Everything in the records below from the line containing "當訓練或考核操作時間結束后,即可進行成績" through the line containing "抢七生死战,库日天强势统治比" is to be reproduced exactly, those two lines included; no picture is to be copied.

- GIVEN RECORDS
****************************************

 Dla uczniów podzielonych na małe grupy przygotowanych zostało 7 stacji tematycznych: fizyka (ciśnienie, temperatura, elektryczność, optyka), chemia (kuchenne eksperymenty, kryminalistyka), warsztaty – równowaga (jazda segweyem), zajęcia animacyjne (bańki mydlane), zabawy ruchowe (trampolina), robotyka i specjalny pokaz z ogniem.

****************************************

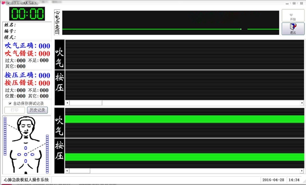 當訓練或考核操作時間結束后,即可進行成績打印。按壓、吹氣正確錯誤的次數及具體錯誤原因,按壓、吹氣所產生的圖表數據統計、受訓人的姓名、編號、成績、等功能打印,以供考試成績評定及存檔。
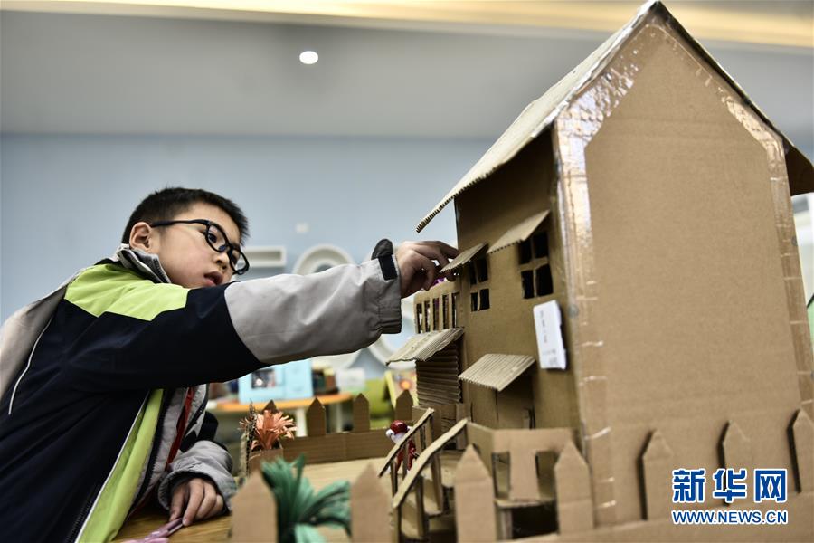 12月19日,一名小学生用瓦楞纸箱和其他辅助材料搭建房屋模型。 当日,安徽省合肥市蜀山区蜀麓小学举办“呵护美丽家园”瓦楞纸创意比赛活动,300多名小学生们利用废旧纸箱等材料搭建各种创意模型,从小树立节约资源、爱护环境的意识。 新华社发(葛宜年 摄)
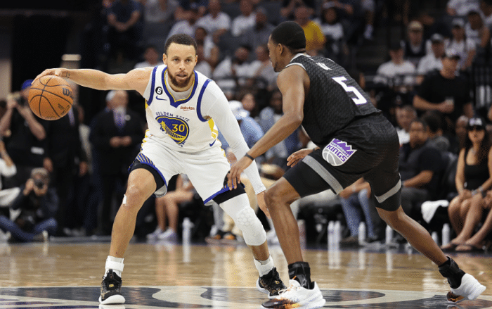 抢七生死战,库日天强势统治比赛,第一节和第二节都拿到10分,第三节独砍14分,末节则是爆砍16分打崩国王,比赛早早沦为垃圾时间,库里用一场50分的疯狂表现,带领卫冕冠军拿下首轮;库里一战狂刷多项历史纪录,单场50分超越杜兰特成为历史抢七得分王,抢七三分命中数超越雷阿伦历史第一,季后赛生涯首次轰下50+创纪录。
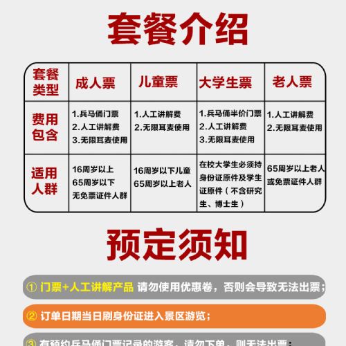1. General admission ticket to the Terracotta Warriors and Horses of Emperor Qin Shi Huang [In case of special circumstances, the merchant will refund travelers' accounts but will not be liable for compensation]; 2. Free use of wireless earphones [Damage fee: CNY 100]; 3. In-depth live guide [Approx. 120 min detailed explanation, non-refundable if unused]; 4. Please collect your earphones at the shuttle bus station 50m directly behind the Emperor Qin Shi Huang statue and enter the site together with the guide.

****************************************

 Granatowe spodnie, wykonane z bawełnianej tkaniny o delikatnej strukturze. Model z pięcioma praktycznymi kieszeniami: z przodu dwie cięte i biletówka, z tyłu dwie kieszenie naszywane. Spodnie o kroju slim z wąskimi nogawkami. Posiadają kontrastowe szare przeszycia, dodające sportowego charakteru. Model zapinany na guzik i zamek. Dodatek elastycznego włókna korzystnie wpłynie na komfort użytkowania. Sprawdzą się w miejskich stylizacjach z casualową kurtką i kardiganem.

****************************************

- REPLY TO THE EXERCISE
 當訓練或考核操作時間結束后,即可進行成績打印。按壓、吹氣正確錯誤的次數及具體錯誤原因,按壓、吹氣所產生的圖表數據統計、受訓人的姓名、編號、成績、等功能打印,以供考試成績評定及存檔。
 12月19日,一名小学生用瓦楞纸箱和其他辅助材料搭建房屋模型。 当日,安徽省合肥市蜀山区蜀麓小学举办“呵护美丽家园”瓦楞纸创意比赛活动,300多名小学生们利用废旧纸箱等材料搭建各种创意模型,从小树立节约资源、爱护环境的意识。 新华社发(葛宜年 摄)
 抢七生死战,库日天强势统治比赛,第一节和第二节都拿到10分,第三节独砍14分,末节则是爆砍16分打崩国王,比赛早早沦为垃圾时间,库里用一场50分的疯狂表现,带领卫冕冠军拿下首轮;库里一战狂刷多项历史纪录,单场50分超越杜兰特成为历史抢七得分王,抢七三分命中数超越雷阿伦历史第一,季后赛生涯首次轰下50+创纪录。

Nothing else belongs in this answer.